Natural progesterone. Natural progesterone is structurally identical to endogenous progesterone. It is synthesized from diosgenin, which is isolated from wild yam or soy and then converted to pregnenolone and progesterone in a laboratory. Progesterone has been shown to reduce inflammation in endometriosis and limit the growth of uterine tissue (Bulun SE et al 2006).

Nutritional Modulation of Estrogen

One strategy that may be helpful with endometriosis is to modulate estrogen through nutritional means. Estrogen has many different metabolites, and research has shown that some metabolites are stronger and more dangerous than others. Certain nutrients, such as indole-3-carbinol, may help increase weaker estrogens while decreasing stronger estrogens. Among patients with endometriosis, this finding may have two benefits. First, it would reduce the stimulatory effect of estrogen on the endometrial tissue, which may reduce the buildup of blood during the early part of the menstrual phase. Second, favorably altering the ratio of weaker to stronger estrogens may reduce the risk of breast and ovarian cancer.

Specifically, indole-3-carbinol has been documented to increase the ratio of weaker 2-hydroxyestrone to the stronger and carcinogenic 16-alpha hydroxyestrone (Reed GA et al 2005). It accomplishes this by encouraging synthesis of additional 2-hydroxyestrone (Yoshida M et al 2004).

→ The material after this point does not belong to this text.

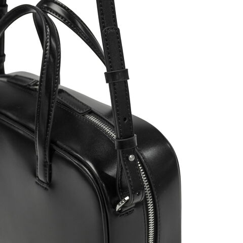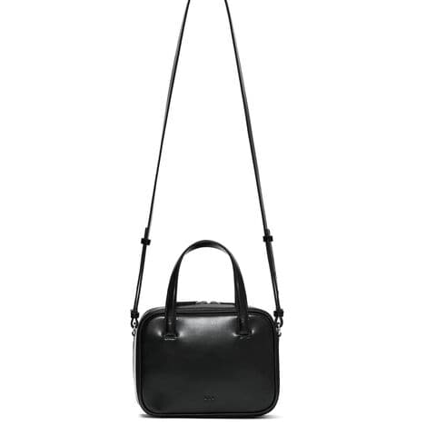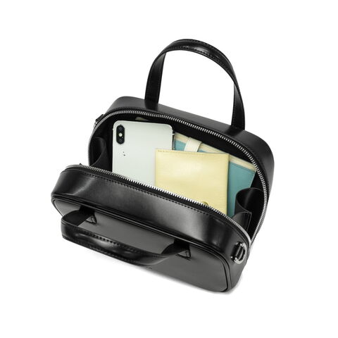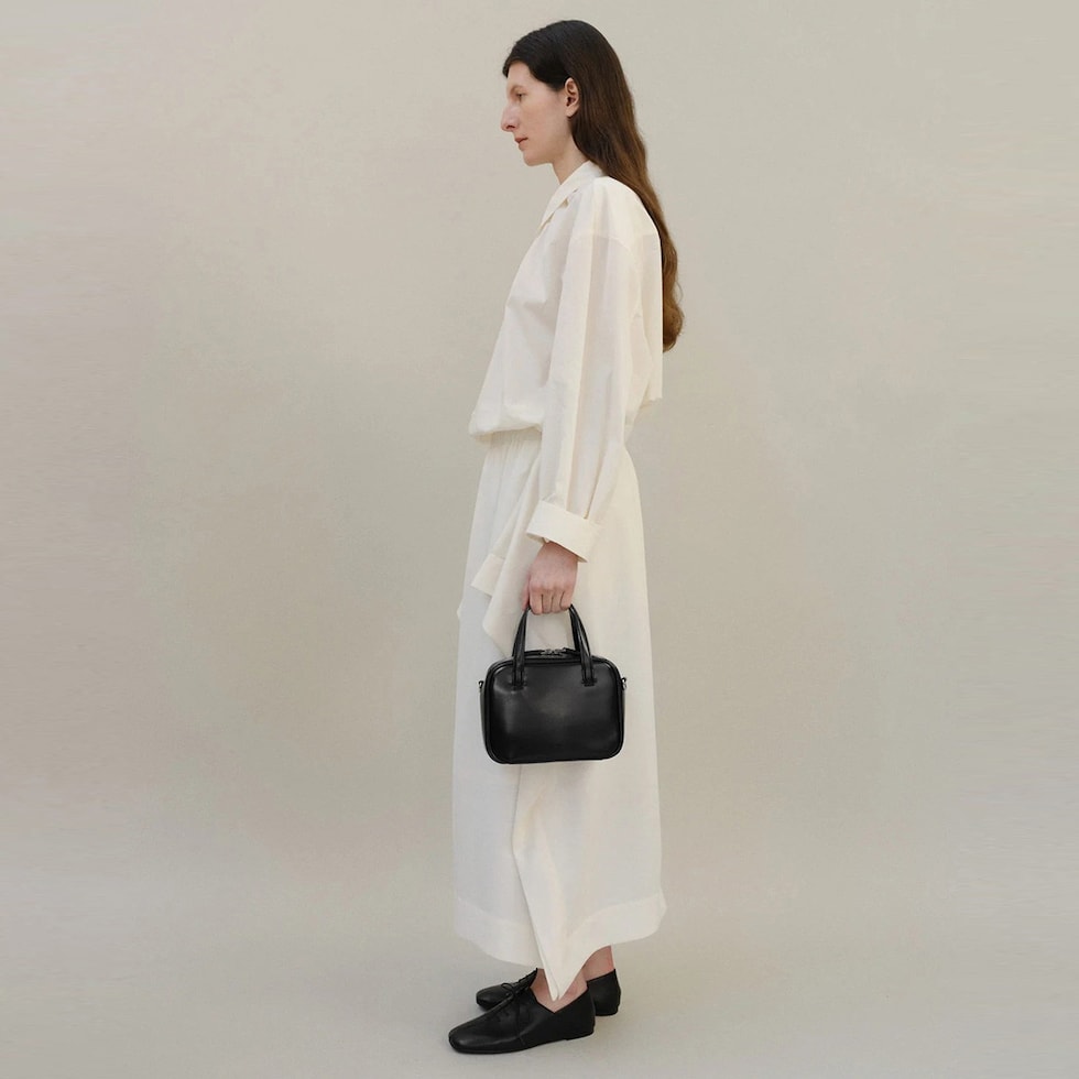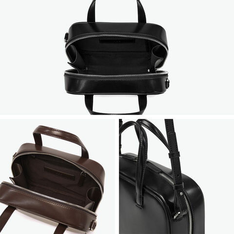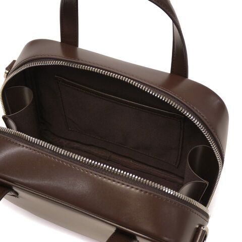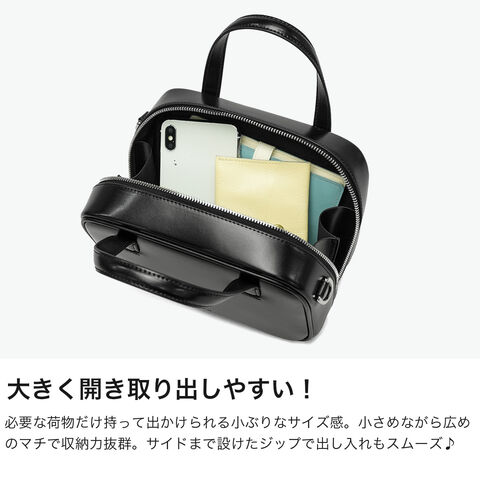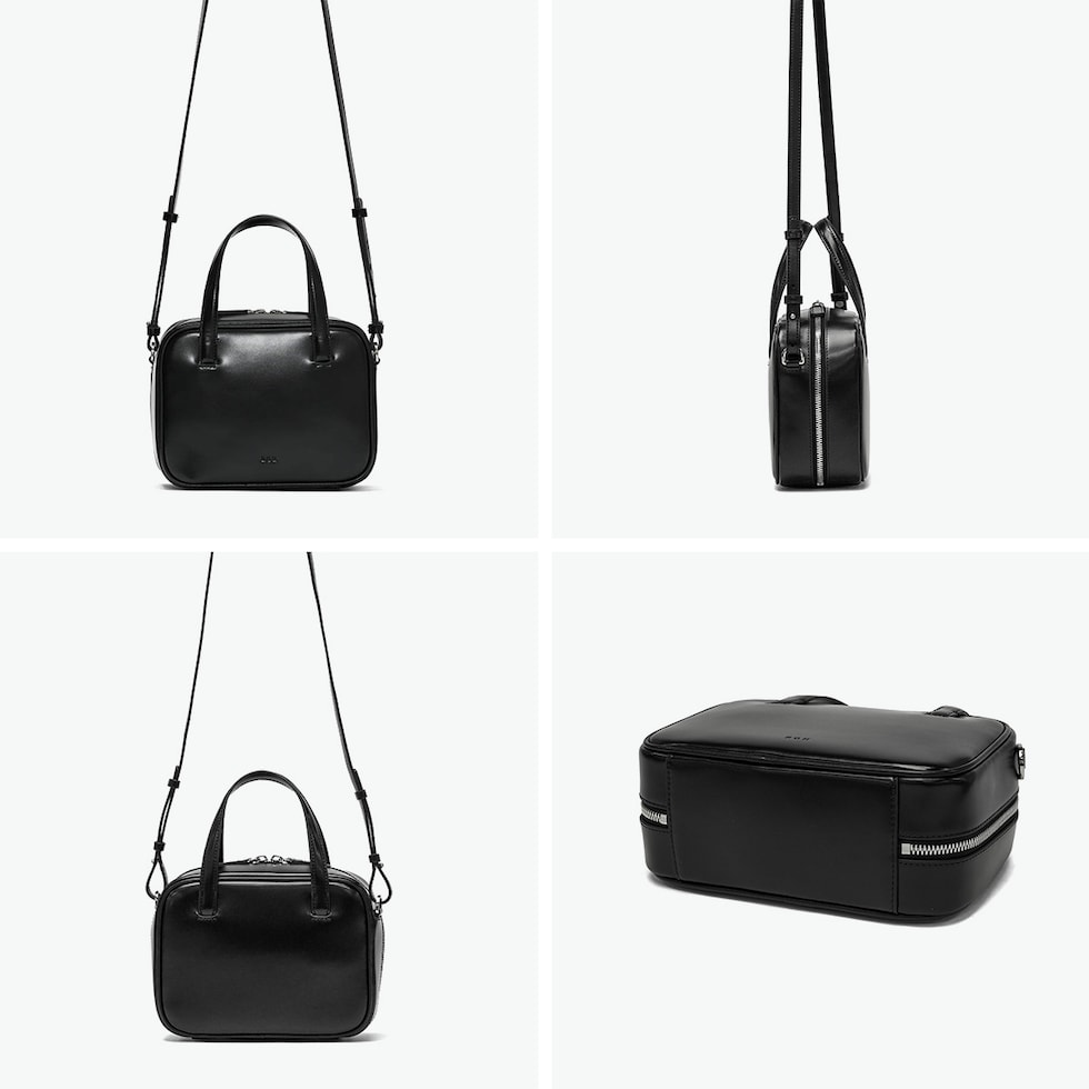 ユニークなデザイン クラシックな四角いフォルムと、ティンケース(缶ケース)から着想を得た遊び心あるデザインが魅力の2WAYトートバッグです。ほのかに艶を帯びたレザーが上品な印象を与え、広めのマチと底面まで大きく開くジッパー構造で、荷物の出し入れもスムーズに行えます。バッグの内側にはサイドガードが施されており、ジッパーを大きく開けても中身が落ちにくい安心設計。ハンドバッグとしてもクロスボディとしても楽しめる汎用性の高いバッグです。 |

A related natural approach to estrogen modulation may be found in a compound called diindolylmethane, a byproduct of indole-3-carbinol that has shown many cancer-fighting effects.

Endometriosis and Other Diseases

Endometriosis has been associated with an increased risk of conditions associated with abnormal immune responses: systemic lupus erythematosus, rheumatoid arthritis, multiple sclerosis, and Sjögren’s syndrome (Sinaii N et al 2002). Allergies, eczema, and asthma caused by a hypersensitivity reaction of the immune system are also increased in women with endometriosis. Fibromyalgia, chronic fatigue syndrome, and hypothyroidism are significantly more common in individuals with hypersensitivity reactions than in the general U.S. population (Sinaii N et al 2002).

A survey revealed that 42 percent of women with endometriosis have underactive thyroid glands (hypothyroidism). Women with endometriosis have a higher incidence of hypothyroidism than most women in the United States (Sinaii N et al 2002).

Endometriosis is also correlated with an increased risk of ovarian cancer and non-Hodgkin’s lymphoma (Ness RB et al 2000; Olson JE et al 2002).